━━━ Provided data

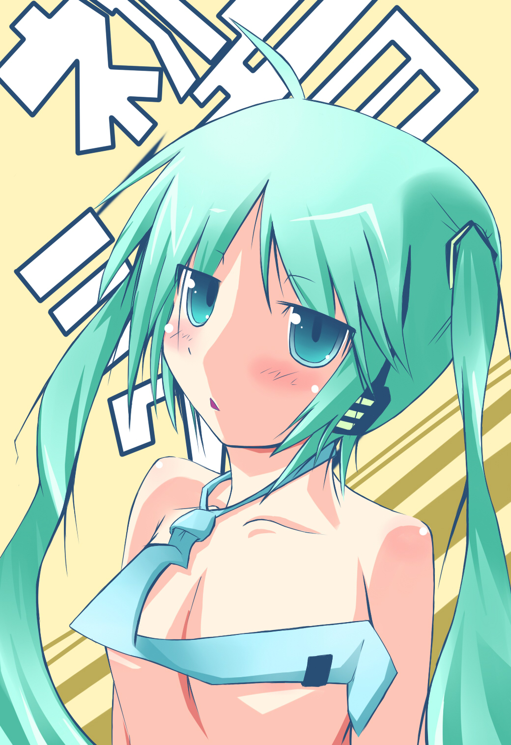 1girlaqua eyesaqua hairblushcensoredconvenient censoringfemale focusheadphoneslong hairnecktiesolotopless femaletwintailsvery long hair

━━━━━━
━━━ Provided data

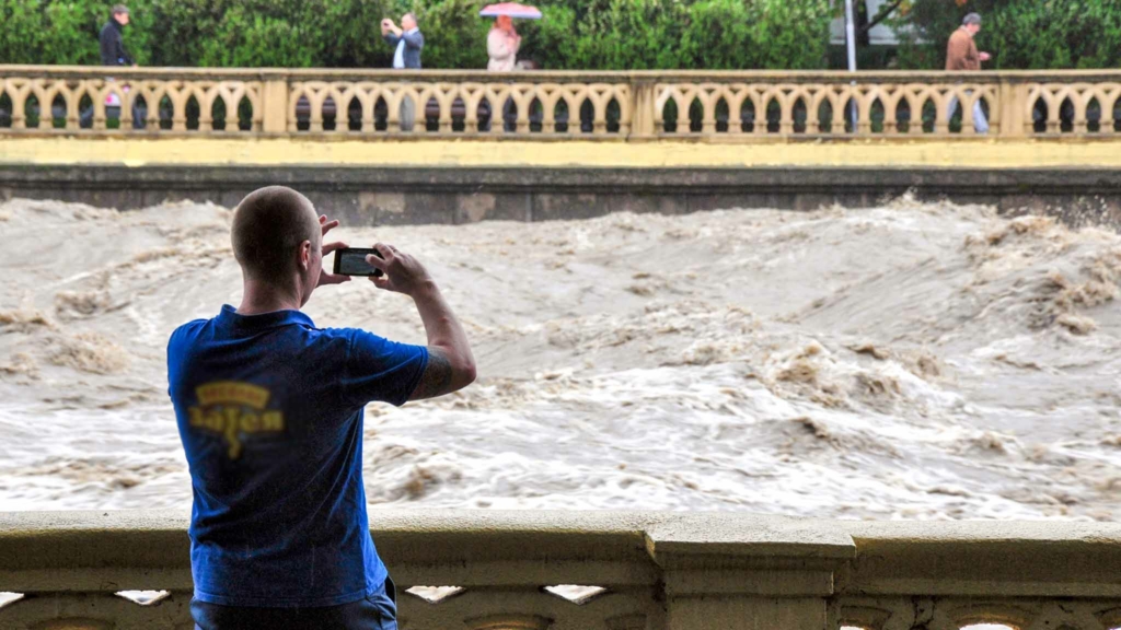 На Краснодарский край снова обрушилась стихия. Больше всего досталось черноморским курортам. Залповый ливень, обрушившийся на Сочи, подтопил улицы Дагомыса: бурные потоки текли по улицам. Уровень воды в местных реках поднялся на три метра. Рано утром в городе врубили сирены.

━━━━━━
━━━ Provided data

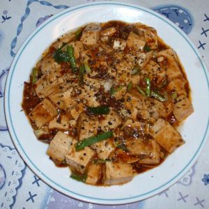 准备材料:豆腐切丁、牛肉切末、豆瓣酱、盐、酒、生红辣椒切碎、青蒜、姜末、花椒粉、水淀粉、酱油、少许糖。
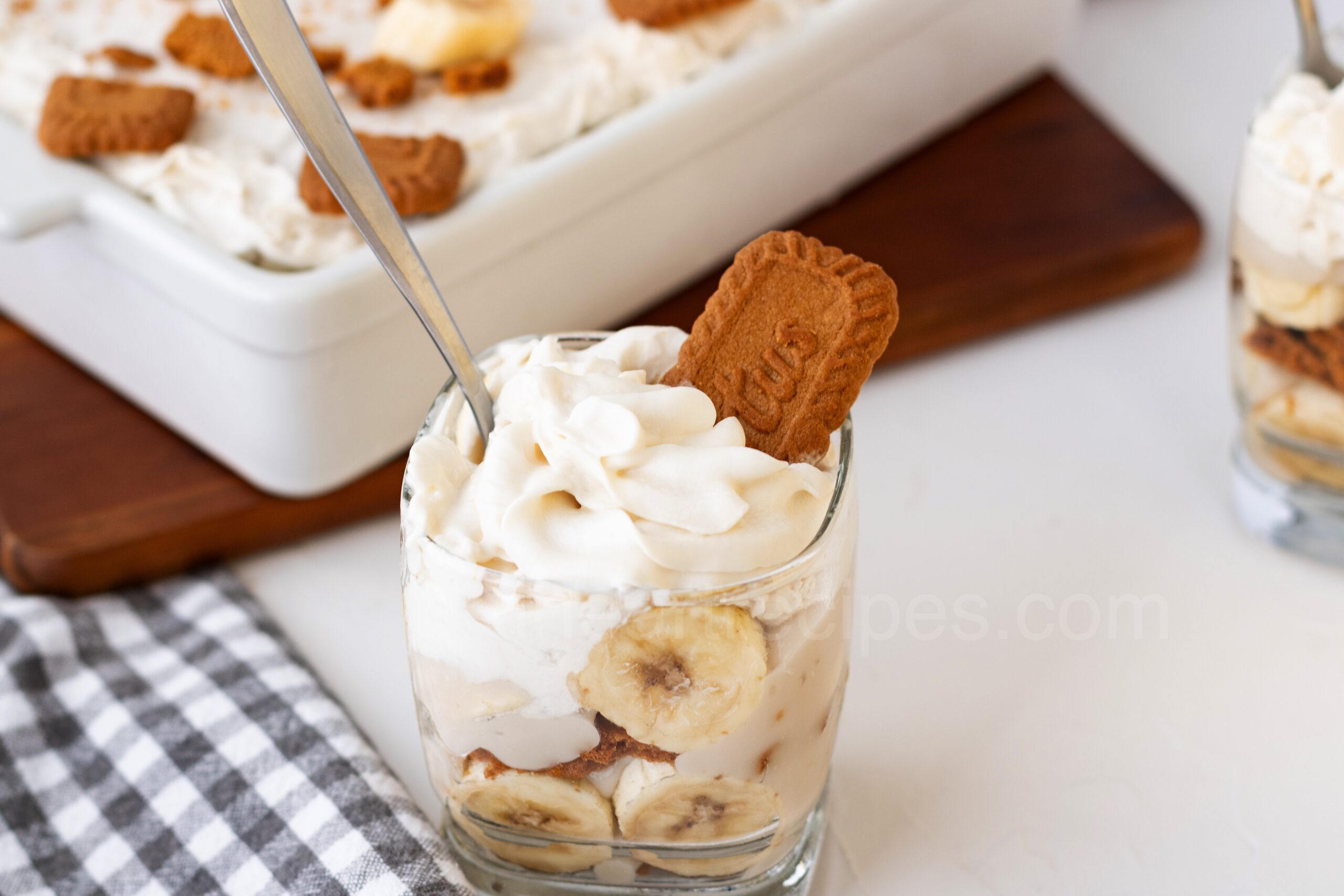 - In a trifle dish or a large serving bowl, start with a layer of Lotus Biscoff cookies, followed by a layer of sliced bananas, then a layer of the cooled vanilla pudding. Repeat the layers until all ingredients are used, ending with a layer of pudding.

━━━━━━

= Action item =
Output exactly the lines above that lie between the line with "准备材料:豆腐切丁、牛肉切末" and the line with "- In a trifle", those two lines included, and no pictures.

= Reply =
 准备材料:豆腐切丁、牛肉切末、豆瓣酱、盐、酒、生红辣椒切碎、青蒜、姜末、花椒粉、水淀粉、酱油、少许糖。
 - In a trifle dish or a large serving bowl, start with a layer of Lotus Biscoff cookies, followed by a layer of sliced bananas, then a layer of the cooled vanilla pudding. Repeat the layers until all ingredients are used, ending with a layer of pudding.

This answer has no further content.